# EXERCISE PROMPT
Only the lines from the one with "Brinda a tus" through the end of the data below belong in the answer, restated word for word, pictures excluded.

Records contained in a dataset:
******************************
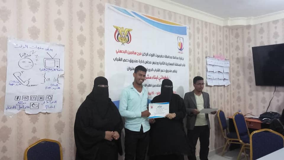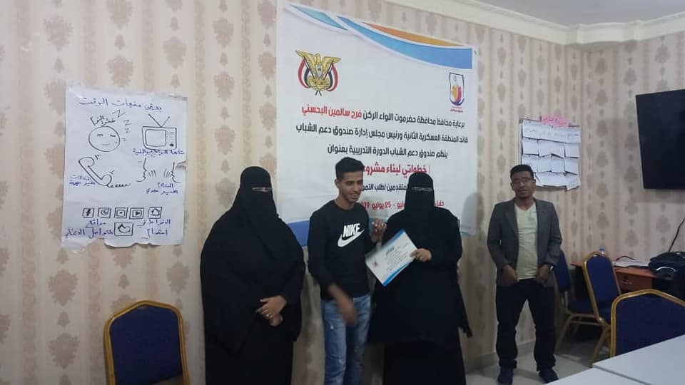 اختتمت مساء يوم الخميس 2019/7/25م بمدينة المكلا بقاعة صندوق دعم الشباب فعاليات البرنامج التدريبي خطواتي لبناء مشروعي الذي نظمه وموله صندوق دعم الشباب بمحافظة حضرموت برعاية كريمة من محافظ محافظة حضرموت قائد المنطقة العسكرية الثانية ورئيس مجلس إدارة الصندوق اللواء الركن فرج سالمين البحسني والذي استهدف قرابة 20 متدرب ومتدربة من العملاء المتقدمين لطلب التمويل من الصندوق وخريجين برنامج نهضة شباب الممول من منظمة اميدست.
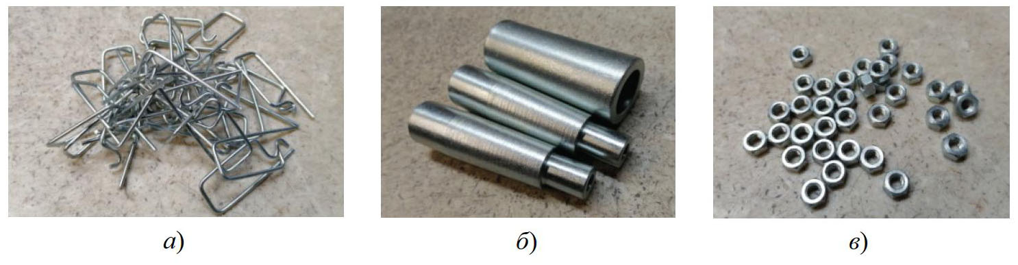 Рис. 5. Оцинкованные детали: а – шпильки; б – втулки; в – гайки
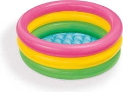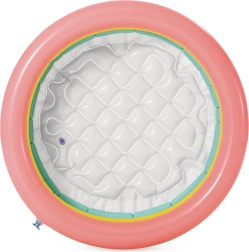 Brinda a tus hijos diversión bajo el sol con esta piscina inflable, ideal para juegos acuáticos al aire libre. Está fabricada en vinilo resistente y equipada con tres anillos en colores alegres. Gracias a su fondo inflable blando, es cómoda y segura para los niños, que adorarán chapotear en el agua.
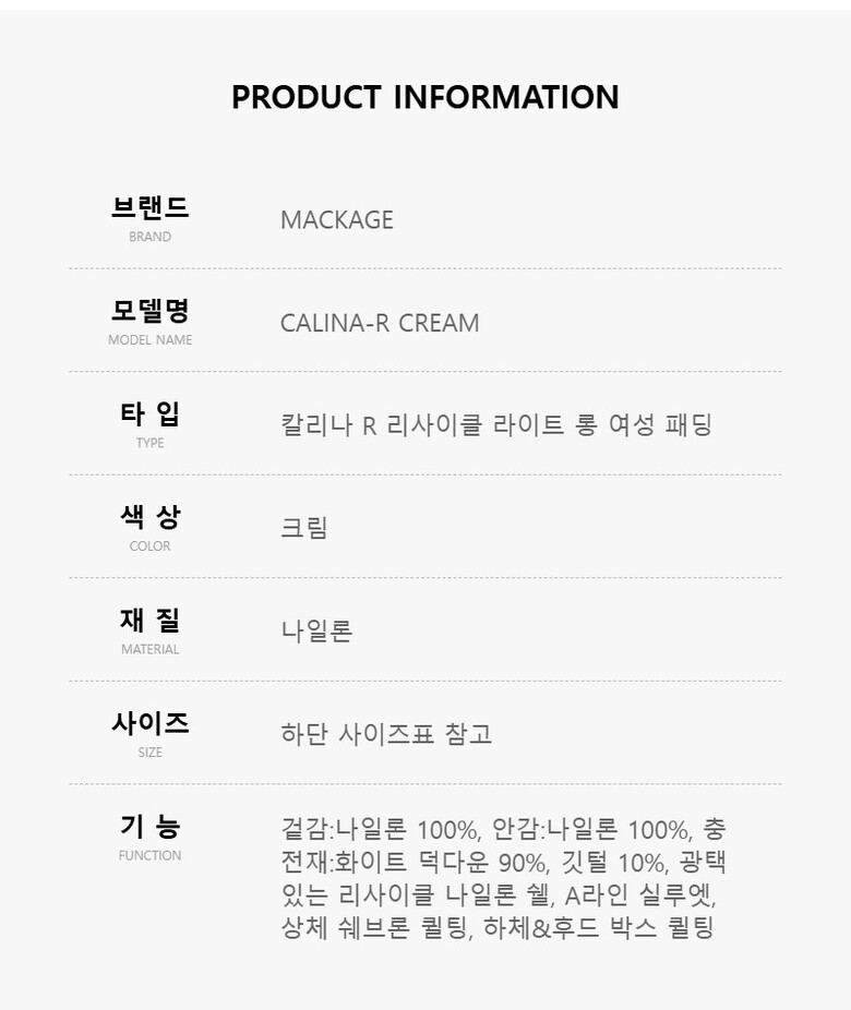 [명품] 맥케이지 CALINA R CREAM 칼리나 R 리사이클 라이트 롱 여성 패딩
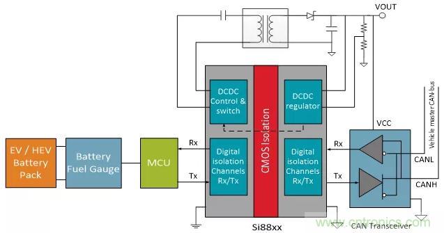 如圖3所示,這個簡化的BMS系統(tǒng)展示了在與一個EV子系統(tǒng)進行連接時信號和電源隔離的重要性。在大多數(shù)EV子系統(tǒng)中,CAN總線通過數(shù)字隔離與該子系統(tǒng)中的高壓隔離。現(xiàn)代數(shù)字隔離兩側(cè)各需要一個電源為隔離器供電(高壓域和低壓域)。該電源也可為連接到隔離器的其他設(shè)備供電,例如CAN總線收發(fā)器。
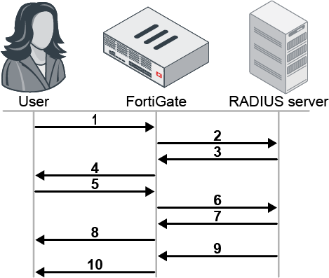 The FortiGate sends the Access-Request message to the RADIUS server.
******************************
# TASK OUTPUT
 Brinda a tus hijos diversión bajo el sol con esta piscina inflable, ideal para juegos acuáticos al aire libre. Está fabricada en vinilo resistente y equipada con tres anillos en colores alegres. Gracias a su fondo inflable blando, es cómoda y segura para los niños, que adorarán chapotear en el agua.
 [명품] 맥케이지 CALINA R CREAM 칼리나 R 리사이클 라이트 롱 여성 패딩
 如圖3所示,這個簡化的BMS系統(tǒng)展示了在與一個EV子系統(tǒng)進行連接時信號和電源隔離的重要性。在大多數(shù)EV子系統(tǒng)中,CAN總線通過數(shù)字隔離與該子系統(tǒng)中的高壓隔離。現(xiàn)代數(shù)字隔離兩側(cè)各需要一個電源為隔離器供電(高壓域和低壓域)。該電源也可為連接到隔離器的其他設(shè)備供電,例如CAN總線收發(fā)器。
 The FortiGate sends the Access-Request message to the RADIUS server.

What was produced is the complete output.